Oracle provides connect by extension syntax, simple and easy to use. But the other RDBMS are not so personal (or I don't know). I recently used PostgreSQL in my project to query tree data.
constructs sample data
drop table if exists demo.tree_data;
create table demo.tree_data (
id integer,
code text,
pid integer,
sort integer
);
insert into demo.tree_data values(1, ' China ', null, 1);
insert into demo.tree_data values(2, ' sichuan ', 1, 1);
insert into demo.tree_data values(3, ' yunnan ', 1, 2);
insert into demo.tree_data values(4, ' chengdu ', 2, 1);
insert into demo.tree_data values(5, ' mianyang ', 2, 2);
insert into demo.tree_data values(6, ' Wuhou district ', 4, 1);
insert into demo.tree_data values(7, ' kunming ', 3, 1);
connectby function
If you have the tablefunc extension installed, you can use the PG version of the connectby function. This isn't as powerful as Oracle, but it meets the basic requirements.
-- API The following
connectby(text relname, -- The name of the table
text keyid_fld, -- id field
text parent_keyid_fld -- The father id field
[, text orderby_fld ], -- Sort field
text start_with, -- Starting line id value
int max_depth -- Depth of the tree, 0 Said the infinite
[, text branch_delim ]) -- Path separator
-- The basic usage is as follows and must be passed AS The clause defines the returned field name and type
select *
from connectby('demo.tree_data', 'id', 'pid', 'sort', '1', 0, '~')

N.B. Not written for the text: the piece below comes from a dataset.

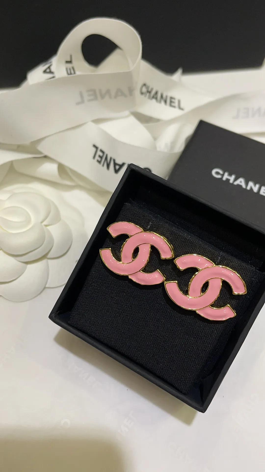 CHANEL Женские серьги с розовой эмалью
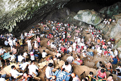 ■29日,江西萍鄉市最高氣溫達38攝氏度,許多群眾到山洞避暑納涼。 新華社

as (id int, pid int, lvl int, branch text, sort int);
-- The query results
id | pid | lvl | branch | sort
----+-----+-----+---------+------
1 | | 0 | 1 | 1
2 | 1 | 1 | 1~2 | 2
4 | 2 | 2 | 1~2~4 | 3
6 | 4 | 3 | 1~2~4~6 | 4
5 | 2 | 2 | 1~2~5 | 5
3 | 1 | 1 | 1~3 | 6
7 | 3 | 2 | 1~3~7 | 7
(7 rows)
-- Using only basic usage, you can only query out id Relevant information if you want to query code And so on other fields that need to go through extra join Operation to implement.
select
t.id, n.code, t.pid, p.code as pcode, lvl, branch
from (
select * from connectby('demo.tree_data', 'id', 'pid', 'sort', '1', 0, '~')
as (id int, pid int, lvl int, branch text, sort int)
) as t
left join demo.tree_data as n on (t.id = n.id)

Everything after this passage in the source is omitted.